Translated, the letters appear to be a legal way for the debtors, in this particular case, Steward Health Care, to protect themselves from liability for any future claims held against them by patients who received health care from a physician whose firm was owned by Steward Health Care or at a facility owned and operated by Steward Health Care, if such a claim was not mailed by Friday, Aug. 23, 2024. The return address for the legal notice had been sent by the Kroll Restructuring Administration, FDR Station, PO Box 5293, New York, NY, 10150-9998.

What might such a claim potentially look like?    
It is true, I had surgery performed by a neurosurgeon from Steward Spine Specialists on Feb. 6, 2024, at St. Elizabeth’s Hospital in Brookline. [See link below to ConvergenceRI story, “Putting your own life at risk.”] The surgery was “successful,” although the surgery had been delayed for six months because the prior authorization firm deployed by my health insurer had canceled the scheduled surgery three times, claiming first that the MRI being used to document the need for the surgery was out of date – it was eight months old, rather than the required six months old. Then the prior authorization firm claimed that my levels of increased pain and significant symptoms of disability had not been documented, although the prior authorization firm had never contacted my primary care provider, my physical therapist, or my neurosurgeon.

The surgery was finally scheduled after I engaged in an angry phone call with the person handling my “appeal” from my health insurer during which I had broken down in tears, sobbing.

Subsequently, four months after the surgery, I learned that Steward Health Care had allegedly reneged on its financial arrangements with at last three major neurosurgical device manufacturers and had failed to pay its bills on time, resulting in the surgeons allegedly being unable to access the highest quality devices to be implanted in my spine as part of the surgery.

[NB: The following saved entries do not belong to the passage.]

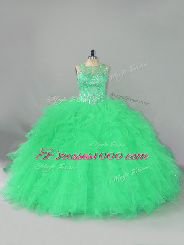 Green Sleeveless Floor Length Beading and Ruffles Lace Up 15th Birthday Dress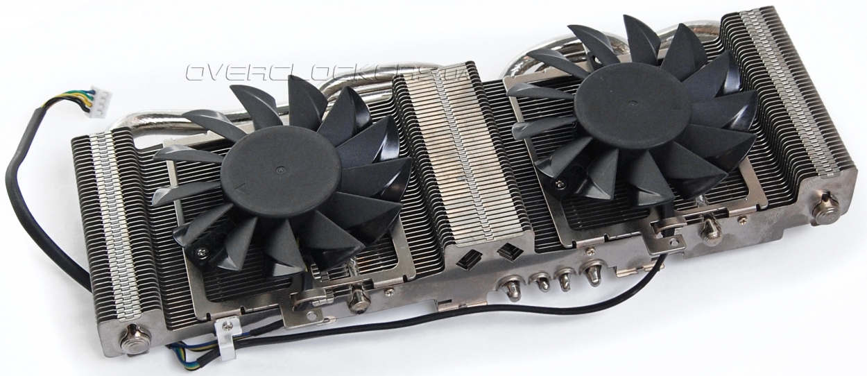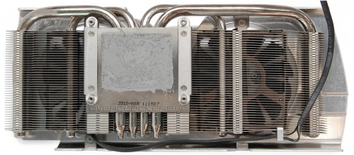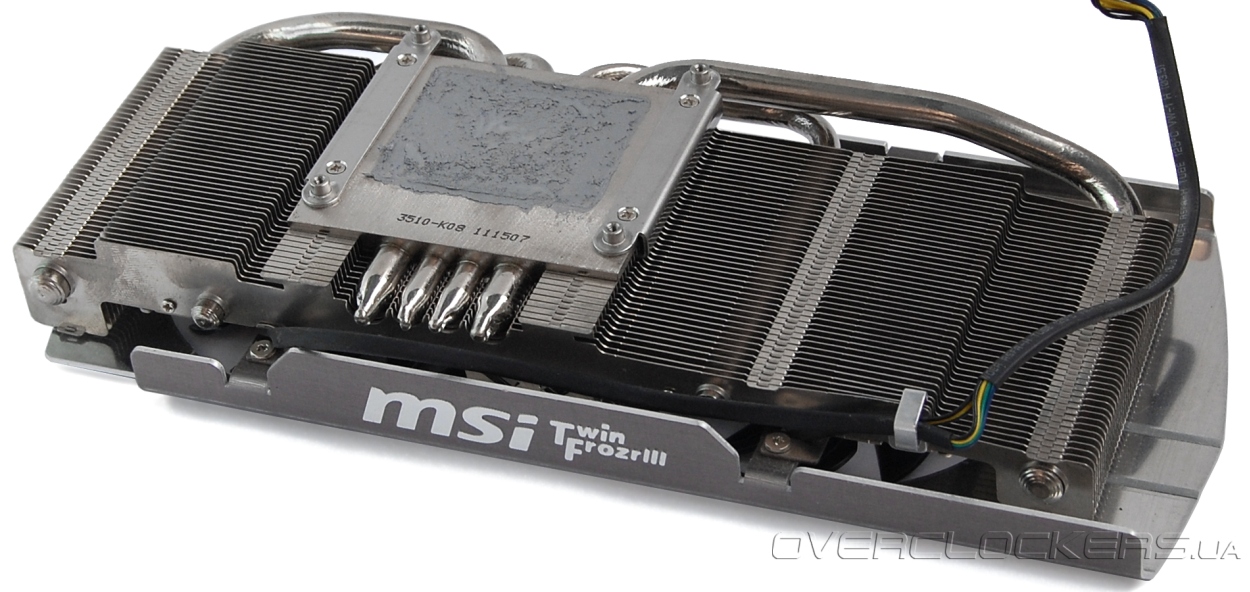 Конструкция системы охлаждения тоже вполне стандартная. От кулера Twin Frozr флагманских видеоадаптеров данная система отличается только меньшими размерами, плюс вместо пяти тепловых трубок используется четыре. Боковые трубки имеют диаметр 8 мм, центральные по 6 мм.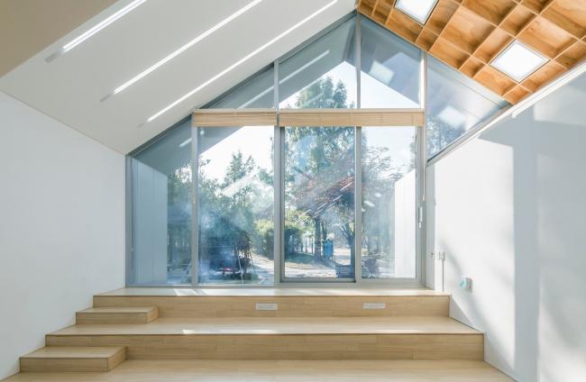 结构不是孤立的三角形,而是相互依赖沟通的结构。这创造了自然和原始的建筑原型,象征着沟通、自然、儿童和成人。空间单元是书架,也就是墙本身。书架构成了空间,同时也成为了一个分区。在整个历史中,这堵墙充当了空间的分隔物。而在Hannae 图书馆中,墙体成为了贯穿空间的迷宫,不断地连接和断开。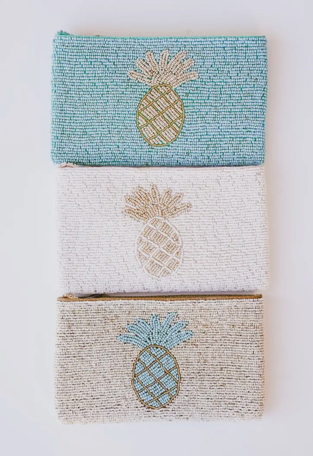This fun Pineapple beaded clutch is perfect for those tropical days whether at home or on holiday in some tropical locale. Ethically made by skilled artisans in Bali, Indonesia, this cute little clutch will add interest to any outfit. Features a zipper closure and wrist strap. 5"x8", Strap is 5".

The question is: Would it be legally prudent on my part to file a proof of claim that would attempt to show that the quality of the device implanted in my spine as part of the Feb. 6, 2024, surgery, was questionable, a direct result of Steward Health Care being unwilling to pay its bills on time and, as a result, potentially resulting in the use of an inferior product being implanted in my spine?

Which, of course, gets to the heart of the question implied by the headline in PART One of this story, “Let them eat invoices.”